In his youth, Kvol lived in the Evermoors, among several other Lizardfolk like himself, and for the most part had led most of his life quite directionless, never sure what he was going to do or where he was going to go. When a black dragon named Sha’douse attacked the lizard folk village with the intent to make the Evermoors its new home, Kvol – like the others of his village fought for their homeland. Kvol remembered all of them charging the Black Dragon – and the last thing he’d remembered was the Black Dragon rearing back, its mouth bubbling with acid. Much to Kvol’s surprise, he was still alive when he regained consciousness. Yet somehow he’d found himself in the middle of Lurkwood. Fleeing from Ettins and giants, and confused as to what had happened, Kvol had finally managed to come out just north of Xantharl's Keep. Fleeing to the north – Kvol heard a woman’s voice beckoning to him.
It’d been that voice that led him to the long forgotten ruins of the castle in the face of the wall, pounded by the chilling winds from the Reghed Glacier. As Kvol made his way around inside the ruins of the castle, he saw raven symbols everywhere – and eventually found the ruins of the chapel, where Kvol finally slept peacefully. There he had a vision of a large raven landing next to him and taking the form of a human female. She’d touched his head and mentioned how he’d endured so much pain and misery and fear – just what she had wanted.

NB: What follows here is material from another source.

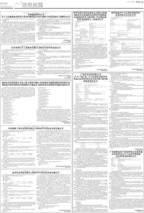 公告送出日期:2025年6月13日 1.公告基本信息 ■ 2.日常申购、赎回(转换)业务的办理时间 本基金本次办理申购、赎回和转换业务的开放期为2025年6月16日至2025年7月11日。自2025年7月12日起至2025年10月12日(含)为本基金的下一个封闭期,封闭期内本基金不办理申购、赎回和转换业务。 本基金开放期内,投资者在开放日办理基金份额的申购和赎回,具体办理时间为上海证券交易所、深圳证券交易所的正常交易日的交易时间,但基金管理人根据法律法规、中国证监会的要求或基金合同的规定公告暂停申购、赎回时除外。 基金合同生效后,若出现新的证券交易市场、证券交易所交易时间变更或其他特殊情况,基金管理人将视情况对前述开放日及开放时间进行相应的调整,但应在实施日前依照《公开募集证券投资基金信息披露管理办法》(以下简称《信息披露办法》)的有关规定在规定媒介上公告。 本基金每个封闭期结束之后第一个工作日起进入开放期,开放期的期限为自封闭期结束之日后第一个工作日起(含该日)不少于一个工作日、不超过二十个工作日的期间,具体期间由基金管理人在封闭期结束前公告说明。 如在开放期内发生不可抗力情形致使基金无法按时开放或需依据《基金合同》暂停申购与赎回业务的,基金管理人有权合理调整申购或赎回业务的办理期间并予以公告,在不可抗力情形影响因素消除之日的下一个工作日起,继续计算该开放期时间。 基金管理人不得在基金合同约定之外的日期或者时间办理基金份额的申购、赎回或者转换。在开放期内,投资者在基金合同约定之外的日期和时间提出申购、赎回或转换申请且登记机构确认接受的,其基金份额申购、赎回价格为该开放期下一开放日各类基金份额申购、赎回的价格;但若投资者在开放期最后一日业务办理时间结束之后提出申购、赎回或者转换申请的,视为无效申请。 3.日常申购业务 3.1申购金额限制 通过代销机构或基金管理人网上交易系统每个基金账户首次最低申购金额为1元(含申购费)人民币;投资人追加申购时最低申购限额及投资金额级差详见各销售机构网点公告。 基金管理人可以规定单个投资人累计持有的基金份额上限,具体规定请参见招募说明书或相关公告。 当接受申购申请对存量基金份额持有人利益构成潜在重大不利影响时,基金管理人应当采取设定单一投资者申购金额上限或基金单日净申购比例上限、拒绝大额申购、暂停基金申购等措施,切实保护存量基金份额持有人的合法权益。基金管理人基于投资运作与风险控制的需要,可采取上述措施对基金规模予以控制。具体见基金管理人相关公告。 基金管理人可以根据市场情况,在法律法规允许的情况下,调整上述规定的数量或比例限制。基金管理人必须在调整前依照《信息披露办法》的有关规定在规定媒介上公告。 3.2申购费率 本基金A类基金份额在申购时收取申购费用,C类基金份额不收取申购费用。本基金A类基金份额对申购设置级差费率。投资者在一天之内如果有多笔申购,适用费率按单笔分别计算。 A类基金份额申购费率最高不高于0.60%,且随申购金额的增加而递减,如下表所示: ■ 基金销售机构可以根据自身情况对申购费用实行一定的优惠,具体以实际收取为准。 本基金对通过本公司直销中心申购本基金A类基金份额的特定投资者与除此之外的其他普通投资者实施差别的申购费率,特定投资者范围及具体费率优惠详见基金管理人于2022年5月19日发布的《关于面向特定投资者通过直销柜台认、申购旗下所有基金实施费率优惠的公告》和2022年9月2日发布的《广发基金管理有限公司关于调整“特定投资群体(养老金客户)”的客户适用范围的公告》及其他相关公告。 (1)申购金额含申购费。本基金A类基金份额的申购费用由A类基金份额申购人承担,不列入基金财产,主要用于本基金的市场推广、销售、注册登记等各项费用。 (2)基金管理人对部分基金持有人费用的减免不构成对其他投资者的同等义务。 (3)基金管理人可以在基金合同约定的范围内调整费率或收费方式,并最迟应于新的费率或收费方式实施日前依照《信息披露办法》的有关规定在规定媒介上公告。 (4)基金管理人可以在不违背法律法规规定及《基金合同》约定及对基金份额持有人利益无实质不利影响的情形下根据市场情况制定基金促销计划,针对特定地域范围、特定行业、特定职业的投资者以及以特定交易方式(如网上交易等)等进行基金交易的投资者定期或不定期地开展基金促销活动。在基金促销活动期间,按相关监管部门要求履行相关手续后基金管理人可以适当调低基金销售服务费率、申购费率和基金赎回费率。 (5)当发生大额申购或赎回情形时,基金管理人可以采用摆动定价机制,以确保基金估值的公平性,具体处理原则与操作规范遵循相关法律法规以及监管部门、自律规则的规定。 3.3其他与申购相关的事项 无。 4.日常赎回业务 4.1赎回份额限制 基金份额持有人在各代销机构的最低赎回、转换转出及最低持有份额为1份基金份额,基金份额持有人当日持有份额减少导致在销售机构同一交易账户保留的基金份额不足1份时,注册登记机构有权将全部剩余份额自动赎回。各基金代理销售机构有不同规定的,投资者在该销售机构办理上述业务时,需同时遵循销

When Kvol awoke the next morning, there, leaning against the shattered pillar of the chapel was a beaten breastplate and shield that bore the symbol of the Raven Queen herself – a raven’s head, in profile, facing left. He donned the armor and equipped the shield and realized it’d been his duty to come here and protect this castle… He felt it in his heart, and his very soul, that the cold, biting winds brought the physical pain similar to the pain of the memories that echoed and screamed in the Raven Queen’s own castle in the Shadowfell – and that one day, she would return here perhaps – and it was up to Kvol to ensure that it remained protected.